## What this task involves
Go through the listing below and output exactly the line with "屏蔽抗干扰GX16母头带线航空插头车载倒车影像电缆插头8芯连接器", the line with "特に目的があって買ったわけで", and each line between; omit the rest.

## Provided data
-- Opening Marker --

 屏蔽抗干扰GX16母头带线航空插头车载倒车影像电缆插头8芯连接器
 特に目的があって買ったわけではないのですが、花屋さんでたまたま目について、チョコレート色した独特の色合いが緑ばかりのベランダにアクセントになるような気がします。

-- Closing Marker --
-- Opening Marker --

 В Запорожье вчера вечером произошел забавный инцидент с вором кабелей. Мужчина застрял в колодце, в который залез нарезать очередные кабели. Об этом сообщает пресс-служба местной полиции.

-- Closing Marker --
-- Opening Marker --

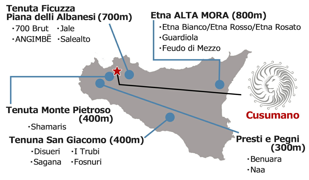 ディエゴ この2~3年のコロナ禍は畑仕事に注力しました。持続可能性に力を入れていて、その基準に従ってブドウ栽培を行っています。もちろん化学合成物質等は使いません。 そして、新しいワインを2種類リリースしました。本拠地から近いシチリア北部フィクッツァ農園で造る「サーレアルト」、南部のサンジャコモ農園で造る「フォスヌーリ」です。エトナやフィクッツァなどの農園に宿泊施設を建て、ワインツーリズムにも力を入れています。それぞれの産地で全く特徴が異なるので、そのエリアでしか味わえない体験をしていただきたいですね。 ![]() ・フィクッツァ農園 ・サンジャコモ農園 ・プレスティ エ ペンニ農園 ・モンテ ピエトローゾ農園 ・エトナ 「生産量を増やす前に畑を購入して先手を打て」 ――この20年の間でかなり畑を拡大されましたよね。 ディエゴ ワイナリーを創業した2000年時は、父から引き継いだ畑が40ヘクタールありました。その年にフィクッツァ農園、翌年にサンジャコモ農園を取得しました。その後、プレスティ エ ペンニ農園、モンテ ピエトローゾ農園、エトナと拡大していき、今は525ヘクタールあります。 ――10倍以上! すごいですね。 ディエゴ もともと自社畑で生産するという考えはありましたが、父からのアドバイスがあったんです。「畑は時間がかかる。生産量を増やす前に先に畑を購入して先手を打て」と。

-- Closing Marker --

## Answer space
 屏蔽抗干扰GX16母头带线航空插头车载倒车影像电缆插头8芯连接器
 特に目的があって買ったわけではないのですが、花屋さんでたまたま目について、チョコレート色した独特の色合いが緑ばかりのベランダにアクセントになるような気がします。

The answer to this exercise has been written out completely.